**ASSIGNMENT:** Only the lines from the beginning of the listing below through the line with "വനിതാ ദിനത്തിൻ്റെ ഭാഗമായി" belong in the answer; please print them exactly and drop the pictures.

**TASK INPUT:**
+ + +

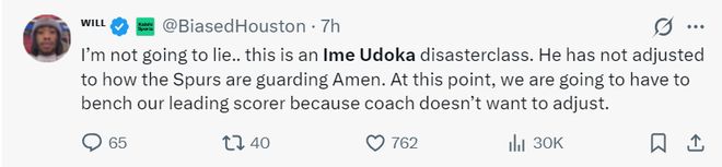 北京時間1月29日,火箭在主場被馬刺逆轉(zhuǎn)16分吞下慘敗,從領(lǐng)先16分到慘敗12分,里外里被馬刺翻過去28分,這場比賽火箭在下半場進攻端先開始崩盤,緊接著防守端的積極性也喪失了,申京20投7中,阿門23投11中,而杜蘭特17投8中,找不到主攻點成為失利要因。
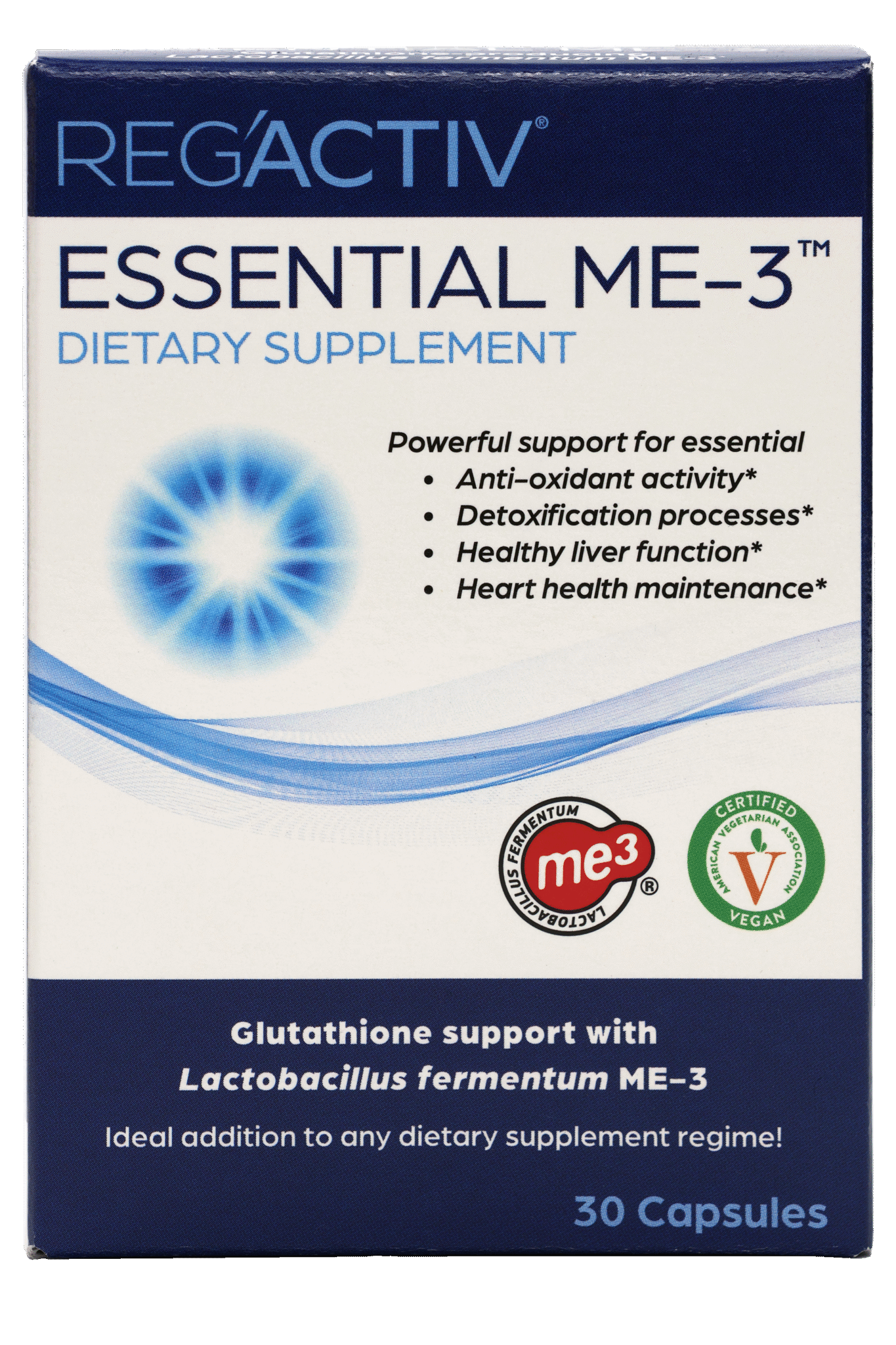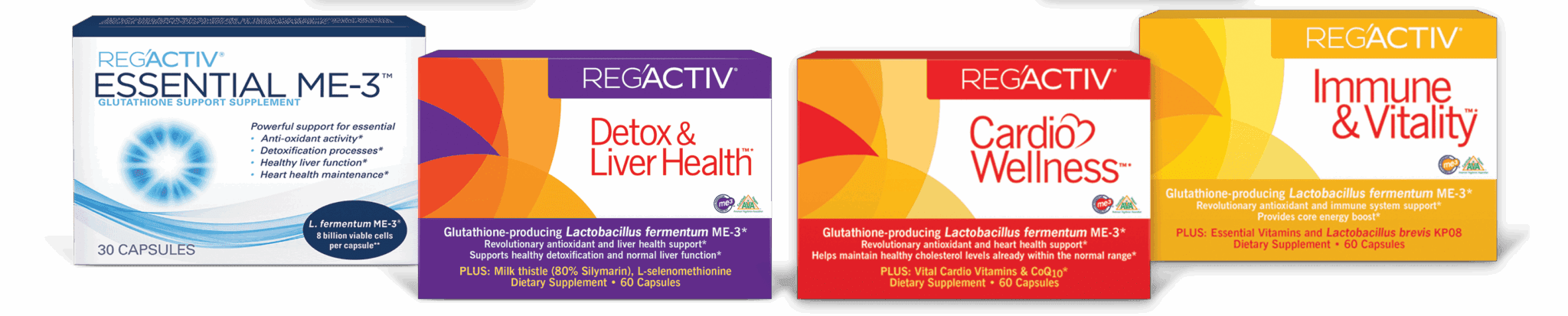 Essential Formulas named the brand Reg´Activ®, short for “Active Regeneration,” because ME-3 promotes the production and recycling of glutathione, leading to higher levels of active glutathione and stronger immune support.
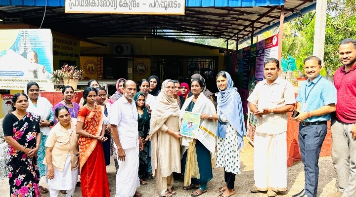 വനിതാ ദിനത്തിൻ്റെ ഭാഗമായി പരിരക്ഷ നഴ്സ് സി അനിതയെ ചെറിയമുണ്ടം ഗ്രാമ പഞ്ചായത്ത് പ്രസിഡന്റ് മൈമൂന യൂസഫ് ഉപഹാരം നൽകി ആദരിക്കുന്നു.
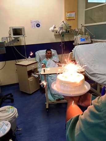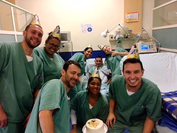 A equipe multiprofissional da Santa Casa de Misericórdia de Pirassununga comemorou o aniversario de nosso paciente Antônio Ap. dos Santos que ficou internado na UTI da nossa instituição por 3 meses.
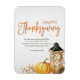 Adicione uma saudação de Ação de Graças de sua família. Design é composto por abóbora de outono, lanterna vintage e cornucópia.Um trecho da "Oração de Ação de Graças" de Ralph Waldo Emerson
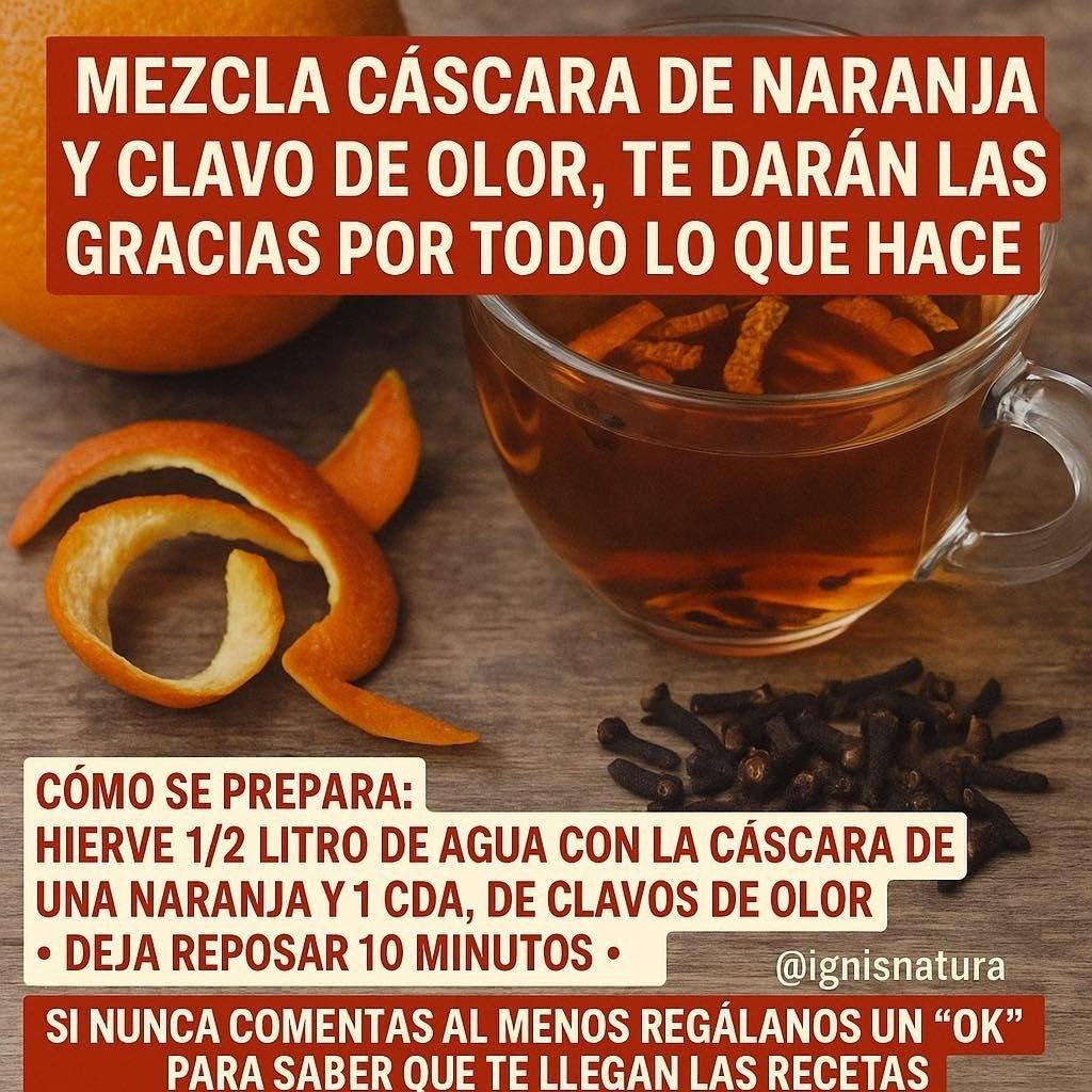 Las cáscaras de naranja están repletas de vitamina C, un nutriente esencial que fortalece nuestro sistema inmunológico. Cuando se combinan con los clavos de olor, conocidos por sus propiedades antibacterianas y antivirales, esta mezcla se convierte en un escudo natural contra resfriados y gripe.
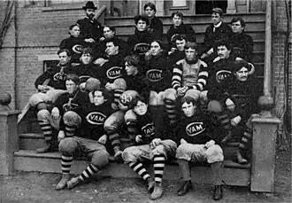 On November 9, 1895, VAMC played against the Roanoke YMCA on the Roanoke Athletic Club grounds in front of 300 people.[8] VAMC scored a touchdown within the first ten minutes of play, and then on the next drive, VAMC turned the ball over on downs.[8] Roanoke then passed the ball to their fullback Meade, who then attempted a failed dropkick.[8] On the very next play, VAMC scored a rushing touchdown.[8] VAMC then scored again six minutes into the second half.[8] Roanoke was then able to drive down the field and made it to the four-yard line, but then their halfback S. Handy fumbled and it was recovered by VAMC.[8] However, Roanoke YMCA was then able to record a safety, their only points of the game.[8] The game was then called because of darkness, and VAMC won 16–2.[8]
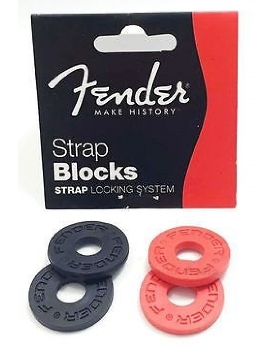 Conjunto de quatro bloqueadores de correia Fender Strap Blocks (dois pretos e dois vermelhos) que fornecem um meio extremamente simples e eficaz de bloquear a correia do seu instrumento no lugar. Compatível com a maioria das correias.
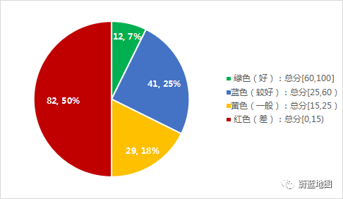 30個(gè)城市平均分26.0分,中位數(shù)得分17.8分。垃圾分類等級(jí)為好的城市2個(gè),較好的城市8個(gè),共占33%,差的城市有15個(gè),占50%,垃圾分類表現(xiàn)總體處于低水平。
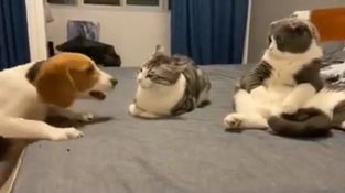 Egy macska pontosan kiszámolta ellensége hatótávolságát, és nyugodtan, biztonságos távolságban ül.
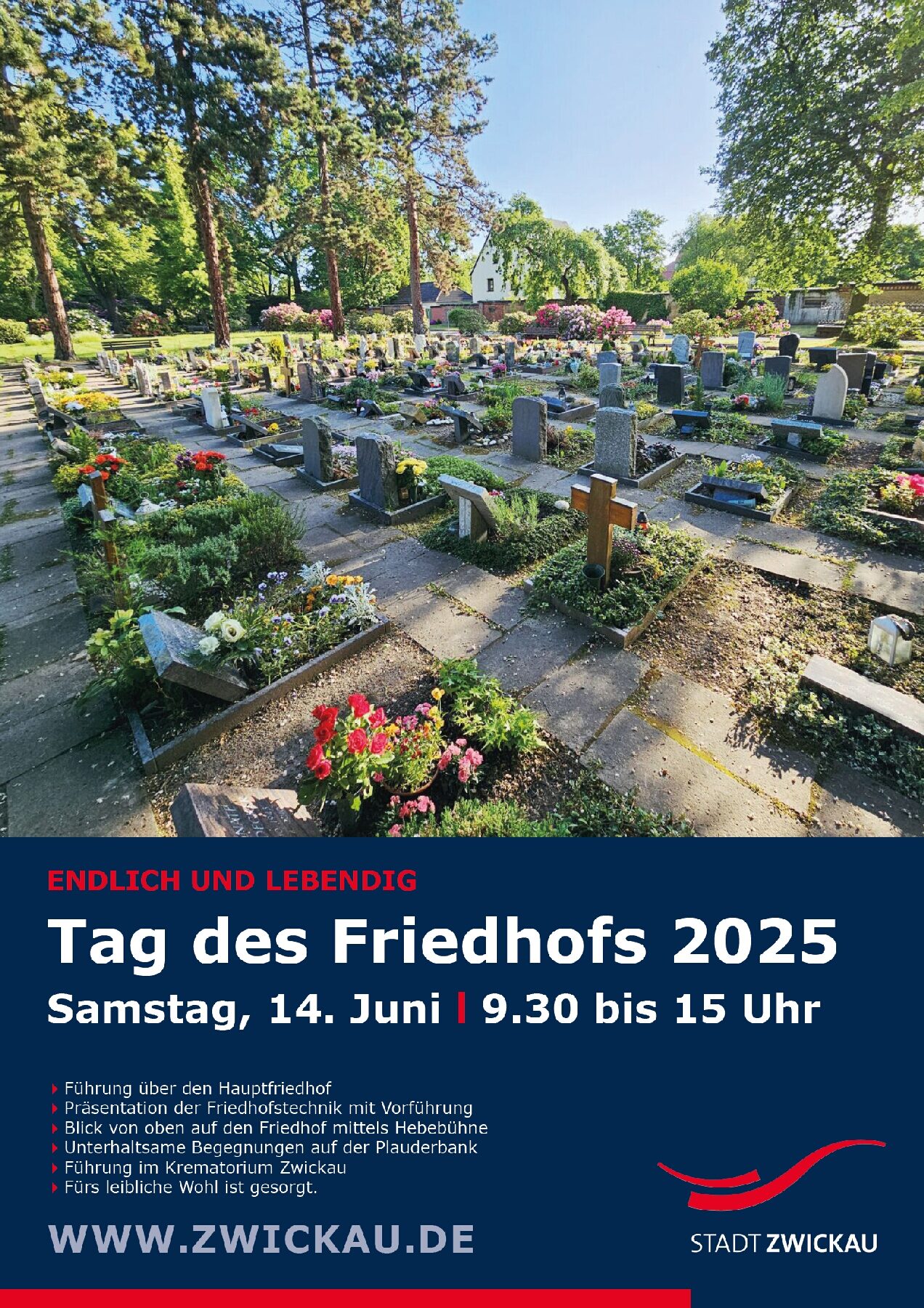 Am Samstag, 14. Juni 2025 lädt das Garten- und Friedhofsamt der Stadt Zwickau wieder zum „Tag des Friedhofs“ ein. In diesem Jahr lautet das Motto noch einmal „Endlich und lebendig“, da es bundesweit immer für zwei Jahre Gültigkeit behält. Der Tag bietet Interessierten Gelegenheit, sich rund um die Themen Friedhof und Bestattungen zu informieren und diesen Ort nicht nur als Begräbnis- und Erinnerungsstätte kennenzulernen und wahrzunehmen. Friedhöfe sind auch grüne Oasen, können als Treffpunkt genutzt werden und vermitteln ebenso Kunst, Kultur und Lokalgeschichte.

+ + +

**FINISHED TASK:**
 北京時間1月29日,火箭在主場被馬刺逆轉(zhuǎn)16分吞下慘敗,從領(lǐng)先16分到慘敗12分,里外里被馬刺翻過去28分,這場比賽火箭在下半場進攻端先開始崩盤,緊接著防守端的積極性也喪失了,申京20投7中,阿門23投11中,而杜蘭特17投8中,找不到主攻點成為失利要因。
 Essential Formulas named the brand Reg´Activ®, short for “Active Regeneration,” because ME-3 promotes the production and recycling of glutathione, leading to higher levels of active glutathione and stronger immune support.
 വനിതാ ദിനത്തിൻ്റെ ഭാഗമായി പരിരക്ഷ നഴ്സ് സി അനിതയെ ചെറിയമുണ്ടം ഗ്രാമ പഞ്ചായത്ത് പ്രസിഡന്റ് മൈമൂന യൂസഫ് ഉപഹാരം നൽകി ആദരിക്കുന്നു.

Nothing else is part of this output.